One issue of concern for him is the prioritization of kinship care. Perlee says that well-trained foster parents in the community are bypassed for relatives who may be farther away or who are not as capable.

“I’m not pretending that, as a county legislator, I could have a direct influence on that,” he said. “But certainly I could be an informed, experienced voice.”

Fran Porter

Porter, 69, has lived in Altamont for over 30 years. This is her first run for political office, but she has worked in the public sector for years.

“I’m interested in being on the other side of legislation,” she said.

Porter grew up in Iowa and then graduated with a bachelor degree from Minnesota State University, Mankato where she double majored in psychology and speech with a minor in sociology. After graduating, she moved to New York to work at Opportunities for Chenango as a teacher in the Head Start program, before moving to Albany to work for the state’s Department of Labor. She eventually began working for the state’s health department and became the director of the WIC program, which helps to provide food for pregnant women, infants, and children.

“It’s very complex; it’s our second-largest program in New York State,” she said. “It’s a bureaucracy, but in a good way.”

Porter retired in 2005. Shortly after her granddaughter, who is now 8, began attending school, Porter became more politically active.

“I want to make sure she has a good legacy,” Porter said.

At first, she said, her activism focused on legislation and candidates in the federal government before she realized that the county government plays a key role in politics and, she said, makes more of a difference, and so she started attending county meetings.

“A lot of what happens in that government, especially Albany County, is influential: It affects the surrounding counties and because of the proximity to the state [capitol], it tends to influence the state legislation,” she said.

She quoted Assemblywoman Pat Fahy, who said that the Albany County Legislature in particular gives her a pulse on state legislative matters.
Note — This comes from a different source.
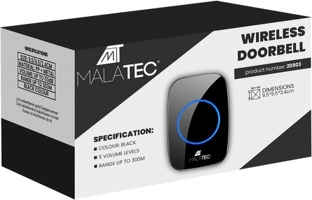 Brezžični zvonec Malatec je sodobna naprava, ki vam ponuja zanesljivo obvestitev obiskovalcev zaradi širokega dosega do 300 metrov. Ima eleganten črn dizajn in je izdelan iz trpežnega ABS plastike. Zaradi vodotesne zaščite (IP44) je odporen tudi proti dežju in snegu.

Porter is concerned about environmental issues like protecting water sources, infrastructure, and health and safety. Some important environmental issues include the Rapp Road landfill in Albany as well as protecting the water sources for wells in the Hilltowns.

She also wants to see more representation of the 31st District and rural Albany County. While she said she supports reducing the size of the legislature as well as redistricting, she says there needs to be ensured representation of the district.

While Porter said that she wants to bring jobs to the rural parts of the county to address issues like underemployment, she also wants to ensure growth in the community is managed well and is environmentally sound and affordable.

Porter also said that she has become concerned about the sale of flavored e-cigarettes, which the county legislature is now reviewing a bill to ban. She said that she originally was neutral on the issue because she understood they were used to help people quit smoking. But, after discovering how prevalent vaping has become among young people, she has become more concerned. She said that she also would like to look into what damage can occur in the lungs when using e-cigarettes.